North Side Gang
- Founded: 1919
- Founded by: Dean O'Banion; Hymie Weiss;
- Founding location: North Side, Chicago, Illinois, U.S.
- Years active: 1919–1935
- Territory: Various neighborhoods in Chicago, mainly Northern Chicago
- Ethnicity: Mainly Irish American, with German American, Polish American, Jewish American, and Italian American members
- Membership (est.): Around 30 members
- Criminal activities: Racketeering, bootlegging, illegal gambling, extortion, robbery, murder
- Rivals: Chicago Outfit and Genna crime family

= North Side Gang =

Bootlegging gang in Chicago during 1920s

The North Side Gang, also known as the North Side Mob, was a multi-ethnic criminal organization within Chicago during the Prohibition era from the early 1920s to the mid-1930s. It was the principal rival of the South Side Gang, later known as the Chicago Outfit or Chicago Mafia, the predominantly Italian-American crime syndicate led by Johnny Torrio and Al Capone.

==History of the North Side Gang==
===Early history===
Like many other Chicago-based Prohibition gangs, the North Side Gang originated from the Market Street Gang, one of many street gangs in Chicago at the turn of the 20th century. The Market Street Gang was made up of pickpockets, sneak thieves and labor sluggers working in the 42nd and 43rd Wards. The gang especially distinguished itself during the newspaper "Circulation Wars" of the early 1910s between the Chicago Examiner and the Chicago Tribune.

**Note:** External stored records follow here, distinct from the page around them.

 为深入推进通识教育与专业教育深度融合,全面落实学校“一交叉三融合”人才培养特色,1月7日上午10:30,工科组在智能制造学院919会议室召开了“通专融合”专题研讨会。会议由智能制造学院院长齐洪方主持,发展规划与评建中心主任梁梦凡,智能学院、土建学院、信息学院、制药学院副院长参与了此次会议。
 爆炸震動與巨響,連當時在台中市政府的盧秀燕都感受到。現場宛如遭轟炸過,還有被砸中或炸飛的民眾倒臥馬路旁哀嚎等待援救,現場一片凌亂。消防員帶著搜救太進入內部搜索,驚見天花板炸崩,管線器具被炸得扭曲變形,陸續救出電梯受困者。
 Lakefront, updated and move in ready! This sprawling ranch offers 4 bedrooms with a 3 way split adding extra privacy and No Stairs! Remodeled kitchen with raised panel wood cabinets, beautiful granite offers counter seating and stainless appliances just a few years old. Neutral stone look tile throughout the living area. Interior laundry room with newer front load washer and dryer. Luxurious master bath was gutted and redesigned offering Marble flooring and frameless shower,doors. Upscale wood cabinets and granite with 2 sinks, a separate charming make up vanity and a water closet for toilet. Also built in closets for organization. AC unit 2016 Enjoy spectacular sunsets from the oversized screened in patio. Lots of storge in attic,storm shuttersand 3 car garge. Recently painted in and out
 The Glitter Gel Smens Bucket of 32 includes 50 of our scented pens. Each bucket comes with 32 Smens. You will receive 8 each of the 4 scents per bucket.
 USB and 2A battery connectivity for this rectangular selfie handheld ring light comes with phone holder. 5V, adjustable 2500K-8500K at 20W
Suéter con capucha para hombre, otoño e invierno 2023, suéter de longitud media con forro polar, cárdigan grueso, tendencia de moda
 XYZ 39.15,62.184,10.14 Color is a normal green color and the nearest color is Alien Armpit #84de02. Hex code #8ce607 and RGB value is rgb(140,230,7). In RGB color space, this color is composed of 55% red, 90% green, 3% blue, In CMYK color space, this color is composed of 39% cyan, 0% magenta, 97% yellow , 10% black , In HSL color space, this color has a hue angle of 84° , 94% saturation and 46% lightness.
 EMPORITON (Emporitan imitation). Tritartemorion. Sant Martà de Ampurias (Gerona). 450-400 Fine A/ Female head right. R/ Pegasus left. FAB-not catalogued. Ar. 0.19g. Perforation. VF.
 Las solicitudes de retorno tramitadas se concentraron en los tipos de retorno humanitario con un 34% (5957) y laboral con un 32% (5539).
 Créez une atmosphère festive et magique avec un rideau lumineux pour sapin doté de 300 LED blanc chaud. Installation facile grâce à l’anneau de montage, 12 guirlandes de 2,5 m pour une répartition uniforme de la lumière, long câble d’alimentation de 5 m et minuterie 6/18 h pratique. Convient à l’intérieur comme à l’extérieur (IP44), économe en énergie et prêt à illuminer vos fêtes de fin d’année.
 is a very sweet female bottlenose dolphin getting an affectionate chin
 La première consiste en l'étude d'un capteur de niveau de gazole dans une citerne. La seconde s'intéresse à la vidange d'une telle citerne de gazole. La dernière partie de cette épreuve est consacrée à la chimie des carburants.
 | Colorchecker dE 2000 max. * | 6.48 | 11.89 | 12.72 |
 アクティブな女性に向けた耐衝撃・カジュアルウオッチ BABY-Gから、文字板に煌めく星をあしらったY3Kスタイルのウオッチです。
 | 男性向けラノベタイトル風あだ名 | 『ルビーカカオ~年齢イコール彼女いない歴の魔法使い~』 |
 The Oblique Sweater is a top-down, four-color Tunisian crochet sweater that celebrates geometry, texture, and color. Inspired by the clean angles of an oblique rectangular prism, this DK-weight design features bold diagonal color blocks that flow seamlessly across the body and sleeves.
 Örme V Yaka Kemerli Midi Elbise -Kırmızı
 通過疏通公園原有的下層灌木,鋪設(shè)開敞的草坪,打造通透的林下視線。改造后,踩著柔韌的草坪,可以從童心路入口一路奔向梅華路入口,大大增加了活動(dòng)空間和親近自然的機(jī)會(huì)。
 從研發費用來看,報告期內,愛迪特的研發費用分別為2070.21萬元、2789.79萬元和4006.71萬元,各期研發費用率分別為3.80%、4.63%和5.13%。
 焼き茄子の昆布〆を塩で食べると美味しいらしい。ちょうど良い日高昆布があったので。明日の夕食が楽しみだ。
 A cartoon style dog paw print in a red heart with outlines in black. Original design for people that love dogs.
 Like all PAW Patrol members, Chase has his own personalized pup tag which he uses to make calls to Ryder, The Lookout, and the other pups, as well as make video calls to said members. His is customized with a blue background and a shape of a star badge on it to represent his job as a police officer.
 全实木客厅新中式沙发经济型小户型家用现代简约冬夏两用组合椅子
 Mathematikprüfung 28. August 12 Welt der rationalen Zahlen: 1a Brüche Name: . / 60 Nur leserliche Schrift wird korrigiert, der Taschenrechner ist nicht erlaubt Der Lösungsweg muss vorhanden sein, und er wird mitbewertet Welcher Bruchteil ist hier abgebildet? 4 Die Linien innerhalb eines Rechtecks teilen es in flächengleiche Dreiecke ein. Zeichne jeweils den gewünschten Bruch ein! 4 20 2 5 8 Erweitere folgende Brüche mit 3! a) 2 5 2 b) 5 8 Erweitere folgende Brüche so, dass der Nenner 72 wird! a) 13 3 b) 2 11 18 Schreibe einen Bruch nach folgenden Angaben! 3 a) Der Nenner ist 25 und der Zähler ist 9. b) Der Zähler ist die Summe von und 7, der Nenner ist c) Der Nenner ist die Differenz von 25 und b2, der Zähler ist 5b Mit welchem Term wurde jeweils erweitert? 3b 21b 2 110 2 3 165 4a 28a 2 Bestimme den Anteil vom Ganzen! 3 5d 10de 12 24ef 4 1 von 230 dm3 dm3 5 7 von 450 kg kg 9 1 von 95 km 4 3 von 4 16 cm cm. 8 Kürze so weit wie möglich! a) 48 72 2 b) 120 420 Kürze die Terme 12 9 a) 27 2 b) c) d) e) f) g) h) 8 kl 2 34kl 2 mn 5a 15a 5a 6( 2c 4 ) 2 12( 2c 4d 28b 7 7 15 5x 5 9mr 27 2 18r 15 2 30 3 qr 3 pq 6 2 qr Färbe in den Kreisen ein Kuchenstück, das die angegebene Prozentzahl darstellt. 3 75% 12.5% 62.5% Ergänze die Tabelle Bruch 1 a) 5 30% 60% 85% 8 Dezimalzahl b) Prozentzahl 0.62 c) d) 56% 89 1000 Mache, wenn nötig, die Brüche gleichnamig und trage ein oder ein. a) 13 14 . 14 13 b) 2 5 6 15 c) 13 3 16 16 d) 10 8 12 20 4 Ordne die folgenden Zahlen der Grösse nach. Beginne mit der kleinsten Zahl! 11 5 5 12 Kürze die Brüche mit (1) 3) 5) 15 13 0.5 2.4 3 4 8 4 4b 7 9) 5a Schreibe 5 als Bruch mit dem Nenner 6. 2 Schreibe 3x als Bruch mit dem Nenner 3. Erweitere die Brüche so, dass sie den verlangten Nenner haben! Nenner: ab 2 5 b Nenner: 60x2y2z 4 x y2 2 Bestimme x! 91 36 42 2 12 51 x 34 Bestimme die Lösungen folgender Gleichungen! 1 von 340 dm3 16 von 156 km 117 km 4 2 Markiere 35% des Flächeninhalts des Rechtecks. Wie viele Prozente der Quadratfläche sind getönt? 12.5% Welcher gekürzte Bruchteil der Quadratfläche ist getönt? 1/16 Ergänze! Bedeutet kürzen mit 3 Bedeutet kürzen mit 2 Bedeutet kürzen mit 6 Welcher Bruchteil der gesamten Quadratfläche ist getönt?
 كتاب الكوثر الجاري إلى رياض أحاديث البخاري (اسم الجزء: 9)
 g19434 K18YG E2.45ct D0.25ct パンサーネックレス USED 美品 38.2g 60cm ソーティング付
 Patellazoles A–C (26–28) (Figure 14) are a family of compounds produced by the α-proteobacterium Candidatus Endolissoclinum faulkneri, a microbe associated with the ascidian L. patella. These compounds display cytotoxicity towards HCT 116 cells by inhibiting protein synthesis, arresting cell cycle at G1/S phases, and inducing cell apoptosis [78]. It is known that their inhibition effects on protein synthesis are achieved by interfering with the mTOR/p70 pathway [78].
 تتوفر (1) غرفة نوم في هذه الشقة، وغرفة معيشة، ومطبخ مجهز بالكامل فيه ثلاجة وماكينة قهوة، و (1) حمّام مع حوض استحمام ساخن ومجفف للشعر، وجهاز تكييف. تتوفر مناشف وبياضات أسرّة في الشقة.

It was during the Circulation Wars that future North Side leader Dean O'Banion, then a member of the juvenile satellite Little Hellions, would develop valuable contacts with politicians and journalists. O'Banion and other members of the North Siders would be mentored by safecracker Charlie "The Ox" Reiser. O'Banion was one of the many Market Streeters to become a bootlegger.

===Prohibition===
With the start of Prohibition, the members of the North Side Gang quickly took control of the existing breweries and distilleries in the North Side of Chicago. This gave them a near monopoly on the local supply of real beer and high quality whiskey; their rivals only had supplies of rotgut liquor and moonshine. Based on the North Clark Street restaurant McGovern's Saloon and Café, the North Side Gang would soon control the working-class neighborhoods of the 42nd and 43rd Wards within months. They controlled a section of downtown that went from Madison street to the Chicago river, eastwards to Lake Michigan. In addition to bootlegging, the gang continued to burglarize local stores and warehouses and run illegal gambling operations. Unlike the rival Chicago Outfit, however, they refused to traffic in prostitution.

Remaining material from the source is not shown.